**TASK TO CARRY OUT**
Restate the records word for word. Include no pictures.

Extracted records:
********

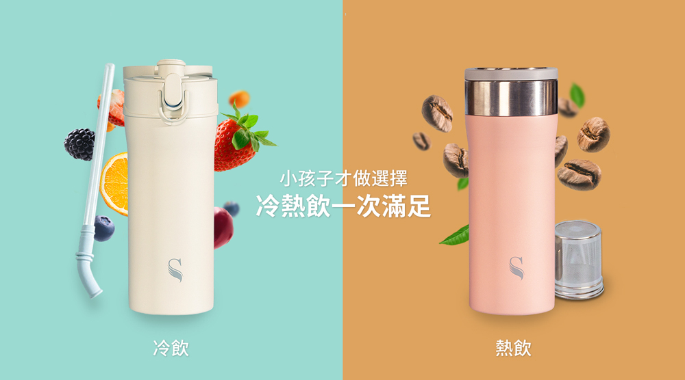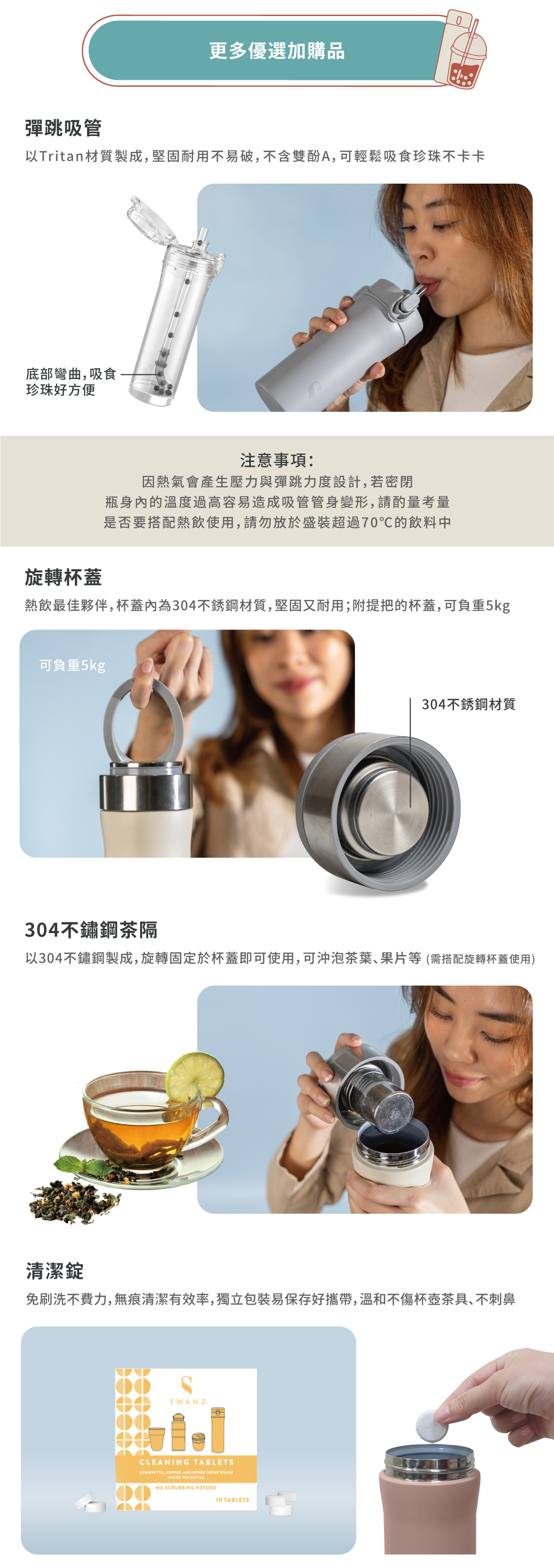 不同杯蓋(額外加購)適用不同飲用習慣,冷熱飲分開用,一杯雙享受。
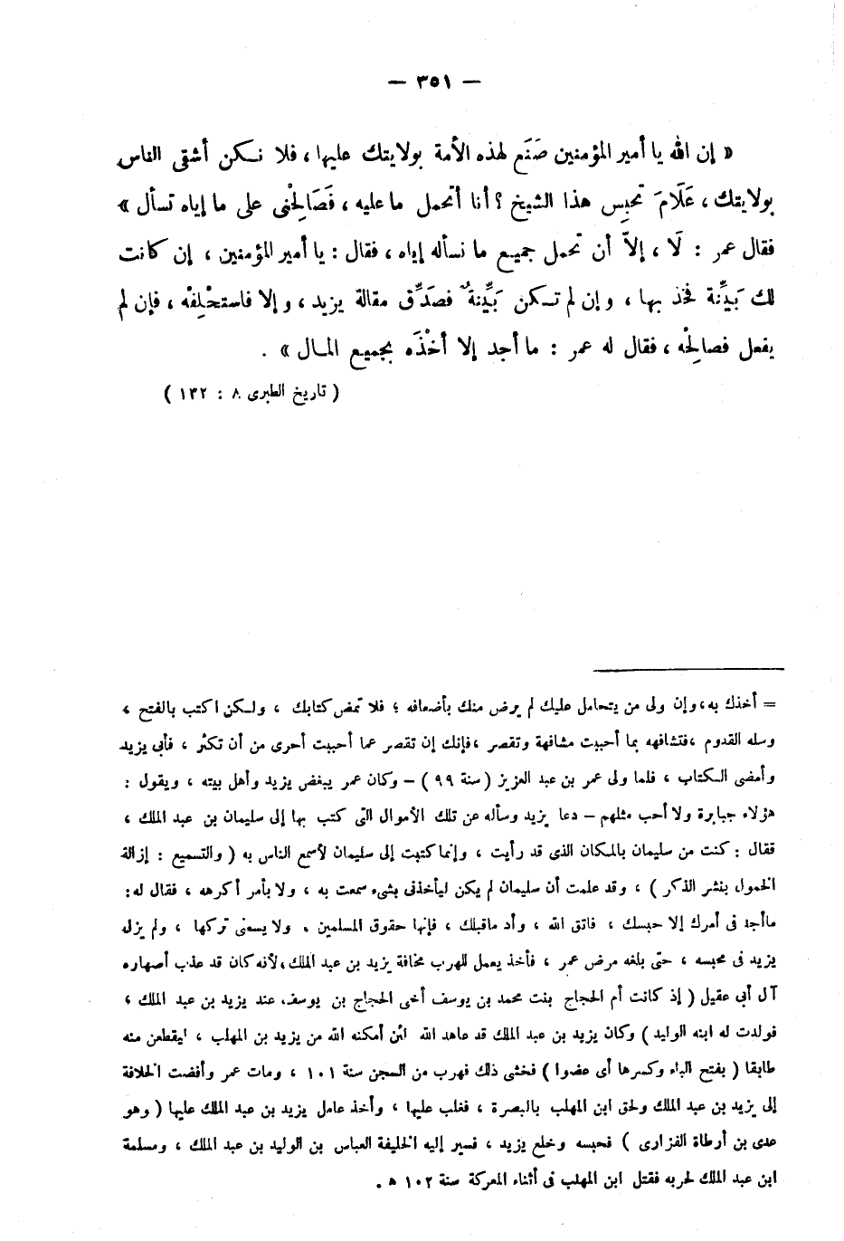 = أخذك به، وإن ولي من يتحامل عليك لم يرض منك بأضعافه؛ فلا تمض كتابك، ولكن اكتب بالفتح، وسله القدوم، فتشافهه بما أحببت مشافهة وتقصر، فإنك إن تقصر عما أحببت أحرى من أن تكثر، فأبى يزيد وأمضى الكتاب؛ فلما ولي عمر بن عبد العزيز "سنة 99" -وكان عمر يبغض يزيد وأهل بيته، ويقول: هؤلاء جبابرة ولا أحب مثلهم- دعا يزيد وسأله عن تلك الأموال التي كتب بها إلى سليمان بن عبد الملك؛ فقال: كنت من سليمان بالمكان الذي قد رأيت، وإنما كتبت إلى سليمان لأسمع الناس به "والتسميع: إزالة الخمول بنشر الذكر"، وقد علمت أن سليمان لم يكن ليأخذني بشيء سمعت به، ولا بأمر أكرهه، فقال له: ما أجد في أمرك إلا حبسك، فاتق الله، وأد ما قبلك؛ فإنها حقوق المسلمين، ولا يسعني تركها، ولم يزل يزيد في محبسه، حتى بلغه مرضُ عمر، فأخذ يعمل للهرب مخافة يزيد بن عبد الملك؛ لأنه كان قد عذب أصهاره آل أبي عقيل "إذ كانت أم الحجاج بنت محمد بن يوسف أخي الحجاج بن يوسف عند يزيد بن عبد الملك، فولدت له ابنه الوليد" وكان يزيد بن عبد الملك قد عاهد الله لئن أمكنه الله من يزيد بن المهلب، ليقطعن منه طابقًا "بفتح الباء وكسرها أي عضوا" فخشى ذلك فهرب من السجن سنة 101، ومات عمرُ وأفضت الخلافة إلى يزيد بن عبد الملك ولحق ابن المهلب بالبصرة، فغلب عليها، وأخذ عامل يزيد بن عبد الملك عليها "وهو عدي بن أرطأة الفزاري" فحبسه وخلع يزيد، فسير إليه الخليفة العباس بن الوليد بن عبد الملك، ومسلمة بن عبد الملك لحربه فقتل ابن المهلب في أسناء المعركة سنة 102هـ.
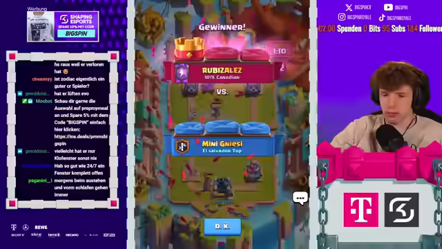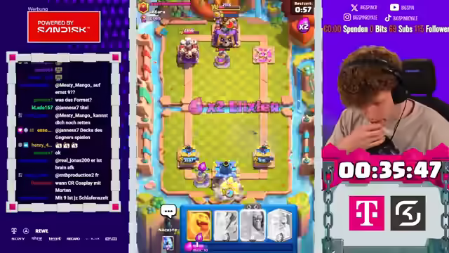 02:47:40Der Streamer spielt gegen einen Brücken-Spam-Gegner und macht guten Damage. Der Streamer vermutet, dass der Gegner gleich rein will. Der Streamer kann die Pumpe anchargen. Der Streamer hat das Gefühl, dass er das jetzt krachen könnte bei ihm. Der Streamer macht meine hier, der Gegner muss Banditen spielen, Bandite kracht. Der Streamer zündet hier, das sind Pfeile, die wir aus irgendeinem Grund im Deck haben. Hier gibt es Minions. Der Gegner hat nichts gegen die Minions. Jetzt einfach nur noch defensive Minenwerfer zirkulieren und wir gewinnen das Ding. Der Streamer spielt gegen ein 3-Musketiere Cycle-Deck. Der Streamer setzt mal seinen Turm. Der Streamer spielt eine Pumpe. Der Streamer muss mit 3M einen Lane irgendwie versuchen, den Gator Hops zu nehmen. Er würde jetzt nämlich dasselbe versuchen. Dann müssen wir irgendwie genug Elixier haben für 3M. Der Streamer hat keine Ahnung, wie er das gern gewinnen soll. Wir haben den perfekten Zap gebracht. Die Maschine wurde Comeback-Resettet. Der Streamer sagt, irgendwie bin ich der Beste oder so. Keine Ahnung.
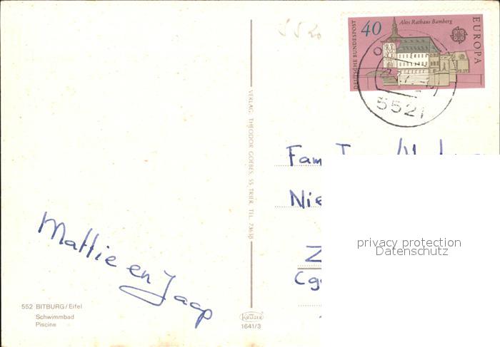 72451229 alte Postkarte Bitburg Freibad postalisch gelaufen Erhaltung siehe scans KatCode: 11110007232018
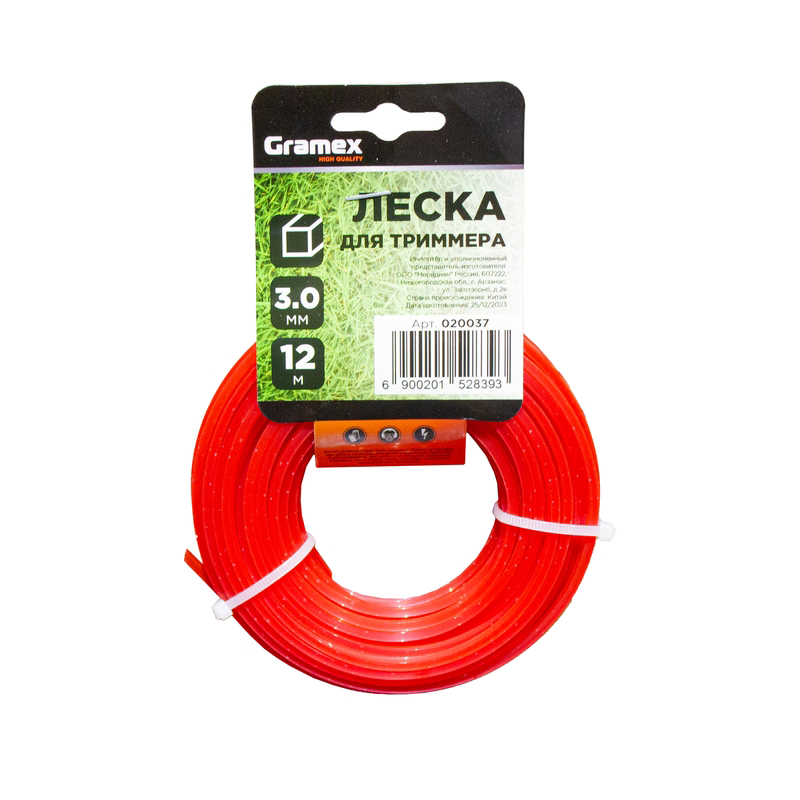 Леска для триммера Gramex 3,0 мм квадрат ,красный 12 метров (5/200)
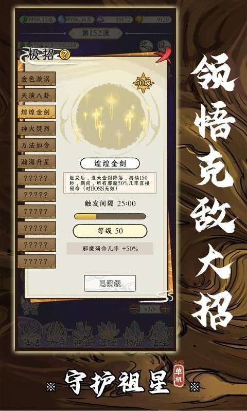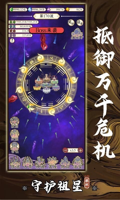 是一款非常好玩的单机游戏,融合了召唤、养成、预防、塔防等多种元素,满足玩家一次多游戏的娱乐需求,玩家所在的始祖星球遭到未知外星生物的袭击,无数危机即将来临,可以召唤飞升的天骄大帝,对抗守护祖星,还可以通过结阵、获取神通来提升法力,共同守护祖星。
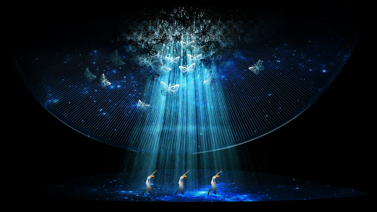 最初交流想法時(shí),秦立運(yùn)和趙明都非常明確,首先要回避滿臺(tái)皆是蝴蝶元素的視覺印象,否則觀眾看演出時(shí)的第一反應(yīng)定是蝴蝶特別多,反而沒(méi)有起到襯托表演的作用。
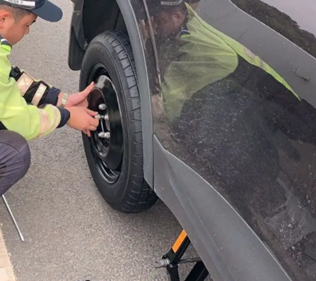 人民群眾生命財產安全,交警用一言一行踐行“我為群眾辦實事”的準則,車輛出現故障刻不容緩,機械千斤頂用自己的千鈞之力頂升起車輛,協助交警、車主更換輪胎,解決了車主的燃眉之急。

********

**EXERCISE OUTPUT**
 不同杯蓋(額外加購)適用不同飲用習慣,冷熱飲分開用,一杯雙享受。
 = أخذك به، وإن ولي من يتحامل عليك لم يرض منك بأضعافه؛ فلا تمض كتابك، ولكن اكتب بالفتح، وسله القدوم، فتشافهه بما أحببت مشافهة وتقصر، فإنك إن تقصر عما أحببت أحرى من أن تكثر، فأبى يزيد وأمضى الكتاب؛ فلما ولي عمر بن عبد العزيز "سنة 99" -وكان عمر يبغض يزيد وأهل بيته، ويقول: هؤلاء جبابرة ولا أحب مثلهم- دعا يزيد وسأله عن تلك الأموال التي كتب بها إلى سليمان بن عبد الملك؛ فقال: كنت من سليمان بالمكان الذي قد رأيت، وإنما كتبت إلى سليمان لأسمع الناس به "والتسميع: إزالة الخمول بنشر الذكر"، وقد علمت أن سليمان لم يكن ليأخذني بشيء سمعت به، ولا بأمر أكرهه، فقال له: ما أجد في أمرك إلا حبسك، فاتق الله، وأد ما قبلك؛ فإنها حقوق المسلمين، ولا يسعني تركها، ولم يزل يزيد في محبسه، حتى بلغه مرضُ عمر، فأخذ يعمل للهرب مخافة يزيد بن عبد الملك؛ لأنه كان قد عذب أصهاره آل أبي عقيل "إذ كانت أم الحجاج بنت محمد بن يوسف أخي الحجاج بن يوسف عند يزيد بن عبد الملك، فولدت له ابنه الوليد" وكان يزيد بن عبد الملك قد عاهد الله لئن أمكنه الله من يزيد بن المهلب، ليقطعن منه طابقًا "بفتح الباء وكسرها أي عضوا" فخشى ذلك فهرب من السجن سنة 101، ومات عمرُ وأفضت الخلافة إلى يزيد بن عبد الملك ولحق ابن المهلب بالبصرة، فغلب عليها، وأخذ عامل يزيد بن عبد الملك عليها "وهو عدي بن أرطأة الفزاري" فحبسه وخلع يزيد، فسير إليه الخليفة العباس بن الوليد بن عبد الملك، ومسلمة بن عبد الملك لحربه فقتل ابن المهلب في أسناء المعركة سنة 102هـ.
 02:47:40Der Streamer spielt gegen einen Brücken-Spam-Gegner und macht guten Damage. Der Streamer vermutet, dass der Gegner gleich rein will. Der Streamer kann die Pumpe anchargen. Der Streamer hat das Gefühl, dass er das jetzt krachen könnte bei ihm. Der Streamer macht meine hier, der Gegner muss Banditen spielen, Bandite kracht. Der Streamer zündet hier, das sind Pfeile, die wir aus irgendeinem Grund im Deck haben. Hier gibt es Minions. Der Gegner hat nichts gegen die Minions. Jetzt einfach nur noch defensive Minenwerfer zirkulieren und wir gewinnen das Ding. Der Streamer spielt gegen ein 3-Musketiere Cycle-Deck. Der Streamer setzt mal seinen Turm. Der Streamer spielt eine Pumpe. Der Streamer muss mit 3M einen Lane irgendwie versuchen, den Gator Hops zu nehmen. Er würde jetzt nämlich dasselbe versuchen. Dann müssen wir irgendwie genug Elixier haben für 3M. Der Streamer hat keine Ahnung, wie er das gern gewinnen soll. Wir haben den perfekten Zap gebracht. Die Maschine wurde Comeback-Resettet. Der Streamer sagt, irgendwie bin ich der Beste oder so. Keine Ahnung.
 72451229 alte Postkarte Bitburg Freibad postalisch gelaufen Erhaltung siehe scans KatCode: 11110007232018
 Леска для триммера Gramex 3,0 мм квадрат ,красный 12 метров (5/200)
 是一款非常好玩的单机游戏,融合了召唤、养成、预防、塔防等多种元素,满足玩家一次多游戏的娱乐需求,玩家所在的始祖星球遭到未知外星生物的袭击,无数危机即将来临,可以召唤飞升的天骄大帝,对抗守护祖星,还可以通过结阵、获取神通来提升法力,共同守护祖星。
 最初交流想法時(shí),秦立運(yùn)和趙明都非常明確,首先要回避滿臺(tái)皆是蝴蝶元素的視覺印象,否則觀眾看演出時(shí)的第一反應(yīng)定是蝴蝶特別多,反而沒(méi)有起到襯托表演的作用。
 人民群眾生命財產安全,交警用一言一行踐行“我為群眾辦實事”的準則,車輛出現故障刻不容緩,機械千斤頂用自己的千鈞之力頂升起車輛,協助交警、車主更換輪胎,解決了車主的燃眉之急。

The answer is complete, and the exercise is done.